Выбрать главу

Работы было много, основные материалы в каждом номере шли от нашего отдела, пожирались с ходу. На шестом этаже напротив моего кабинетика находился кабинет редактора по литературе, члена редколлегии “Литературной газеты” Юрия Бондарева. Я заходил к нему и не раз видел его в дружеском общении с Григорием Баклановым — тогда они были неотделимы друг от друга, как сиамские близнецы, и на собраниях, и как авторы военных повестей — в критике. Впоследствии они разошлись и стали непримиримыми противниками. В разговорах наедине с Бондаревым я не чувствовал каких-то особых различий в наших литературных взглядах.

А в “Литгазете” тон задавали другие люди, ими и определялось “оттепельное” направление ее. На страницах “Литературы и жизни” впервые обрели голос русские писатели из “глубинки”, печатались и они сами, и материалы о них. Несмотря на пестроту публикаций, в газете все-таки ведущим было направление, связанное с традициями русской литературы. Были опубликованы и мои статьи — о Чехове, о личной и духовной драме Герцена, о Леонове, публицистике Шолохова, о кинофильме “Судьба человека”, о Б. Шергине и т. д. Печатались выступления в защиту русского языка. И здесь главным ратоборцем был Алексей Кузьмич Югов, которого мы встречали с шутливой торжественностью, поддерживая его с двух сторон, усаживали как патриарха в кресло, а он, смущенно улыбаясь, вбуравливаясь своим острым с хитринкой взглядом в собеседника, отвечал нам: “Други мои” и каким-нибудь излюбленным церковнославянизмом и тут же обрушивался на “укоротителей русского языка”, возмущался “тараканищами”, “мухами-цокотухами”, запускаемыми в детские души “дедушкой Корнеем”.

Споры наши с “Литгазетой” были по большей части довольно мелковатыми. Как-то было опубликовано мое интервью со старейшим советским писателем Федором Васильевичем Гладковым, автором знаменитого в двадцатые годы романа “Цемент”. Тотчас же в “Литгазете” в ответ появилась реплика члена редколлегии, очеркиста Евгения Рябчикова, который окрысился на Гладкова за то, что тот принизил жанр очерка, поставил его ниже рассказа. Я пришел к Федору Васильевичу с просьбой ответить на реплику, но такого желания у него не было.

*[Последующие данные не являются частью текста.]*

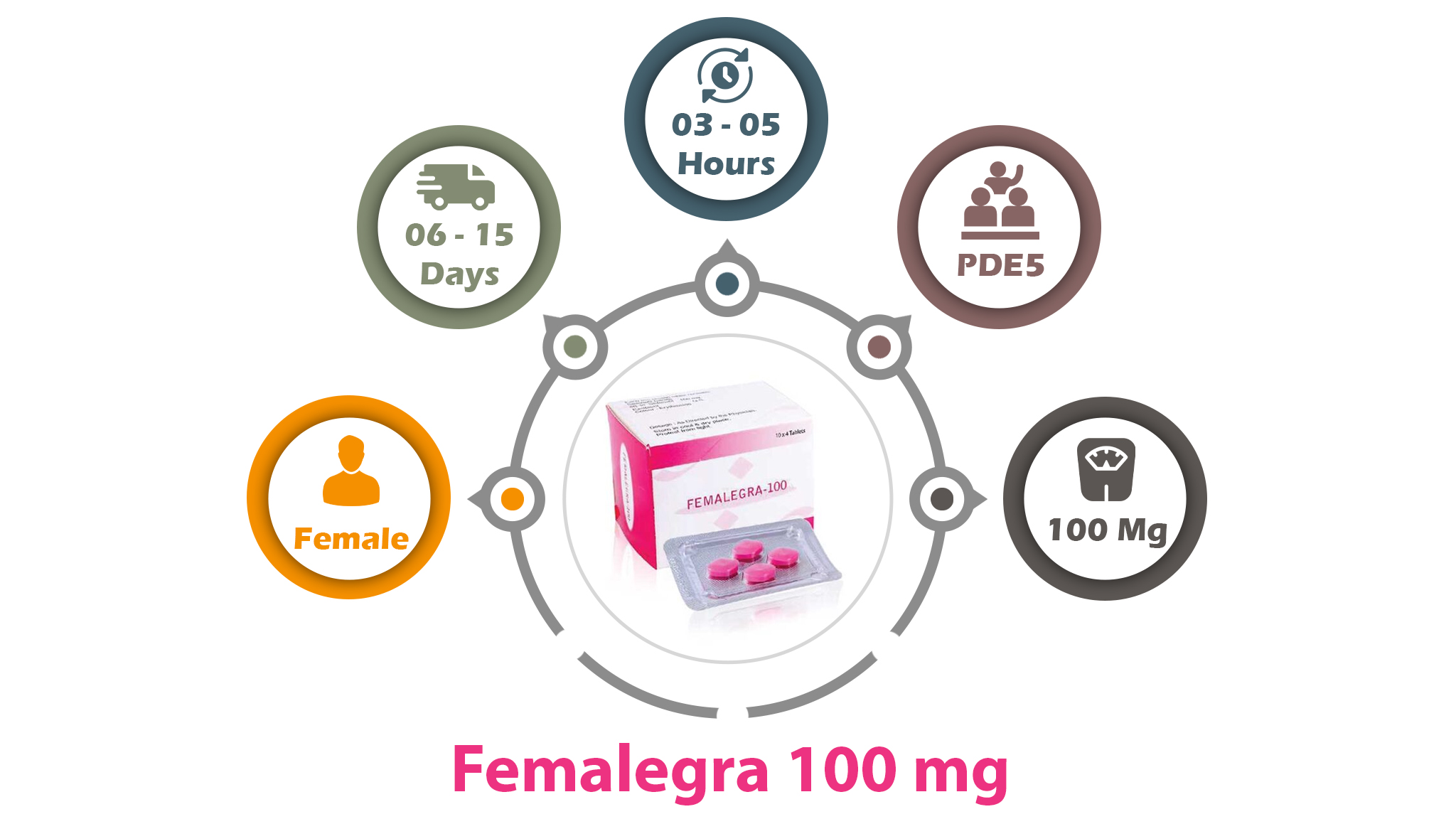 Femalegra 100 mg comes under the class of PDE5 inhibitors. This pill helps in stimulating blood flow in the male sex organ. This medicine functions in a similar way in a woman's body. It enhances the blood flow that goes to the genitals area of humans and ensures about becoming hypersensitive during lovemaking. This is one of the best medicines which can enhance the lubrication level in female sex organs. Femalegra is a completely different medicine than other sildenafil-based drugs.

Он заметил только, что в интервью не совсем точно передана его мысль, он не думал противопоставлять рассказ очерку, а только хотел сказать, что у каждого из них своя жанровая специфика. И тут же, закончив разговор об очерке, как-то вдруг взъерошился, маленькое старческое лицо его сделалось злым. Раздраженным голосом стал он говорить о Шолохове, ругать его Аксинью, именуя ее “проституткой”. Мне вспомнился проходивший несколько лет тому назад, в 1954 году, второй Всесоюзный съезд советских писателей, на котором выступал Шолохов с критикой К. Симонова за “скоропись”, а еще И. Эренбурга за “дипломатическое маневрирование”, за повесть “Оттепель”. Я видел издалека, с балкона, как выступал с трибуны Шолохов, негромким глухим голосом читал свою речь, перелистывая страницы, и вдруг рядом со мною оказался человек, лицо которого прямо-таки поразило меня: казалось, прямо на моих глазах оно смертельно бледнело от ненависти к далекому отсюда писателю, задевшему двух знаменитых его собратьев. И тут же в этом человеке я узнал учившегося вместе со мною в Московском университете комсомольского активиста Анатолия Бочарова, не сходившего с трибуны на собраниях.

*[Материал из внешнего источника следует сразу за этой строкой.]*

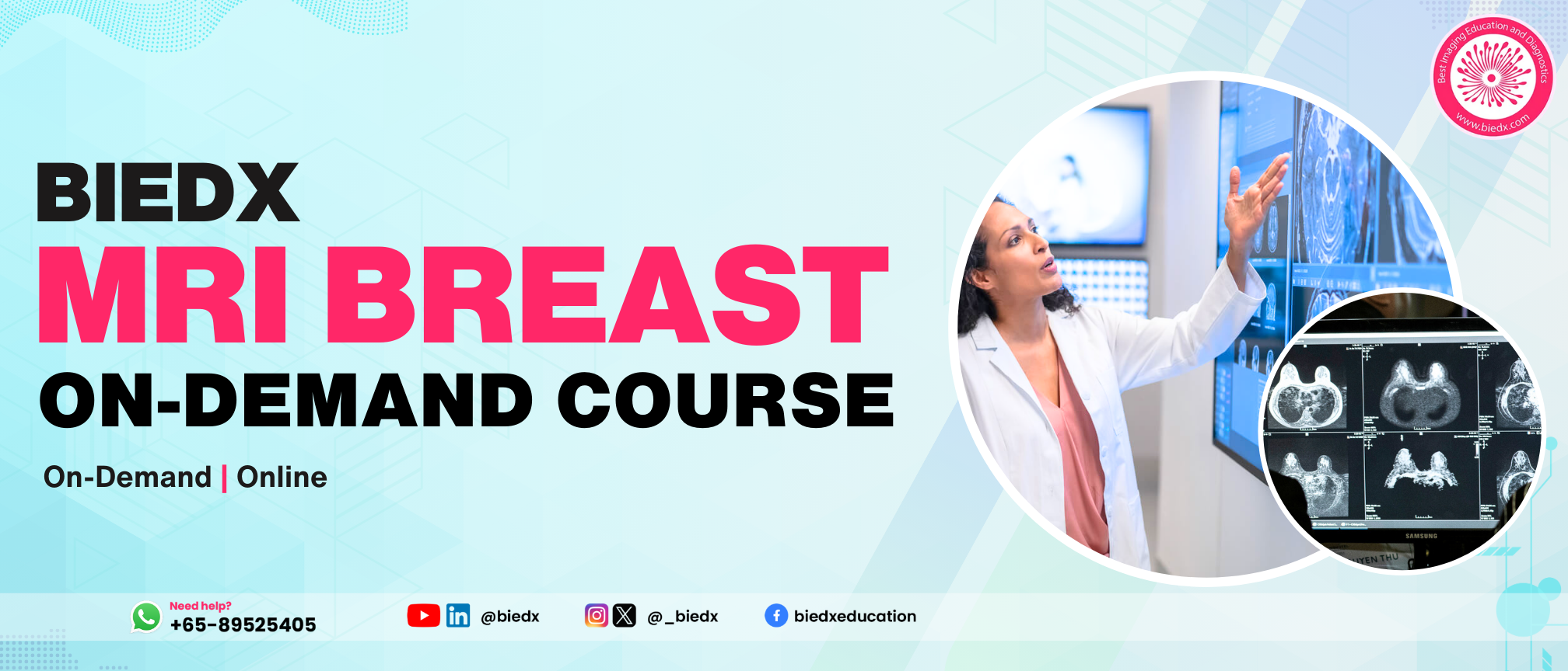 The BIEDX MRI Breast Online 2025 course is designed to offer a comprehensive understanding of MRI breast imaging techniques, protocols, indications, and approaches to reporting. This includes coverage of pre-operative staging, neo-adjuvant chemotherapy, post-operative scenarios, and augmented breasts.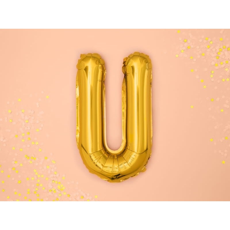 Balon Folie Metalizata Litera U, , 80 cm, Umflati cu Heliu sau Aer, Ambalaj Individual, Pai inclus, Auriu

После выступления Шолохова в течение нескольких дней, как по команде (а это и было по команде “сверху”), известные писатели, в том числе Гладков, поднимаясь на трибуну, давали “отповедь Шолохову”. И теперь еще Федор Васильевич, казалось, не отошел от того наступательного порыва, когда в моем присутствии вовсю костерил Шолохова как бы в угоду его невидимым недругам.

Главный редактор “Литературы и жизни” Виктор Васильевич Полторацкий был известным журналистом, очеркистом. Хотя он и сам писал стихи, но своих коллег по этому жанру он не очень жаловал. Помню, как на редколлегии он издевался над мнимо-юродивыми, хитровато-простодушными стишками

Н. Глазкова. (Этот Глазков выделывал некие загадочные трюки; как-то прислал мне в конверте мою журнальную статью, каждая страница которой была обведена цветной каймой, — без всякой записки, понимай, как хочешь).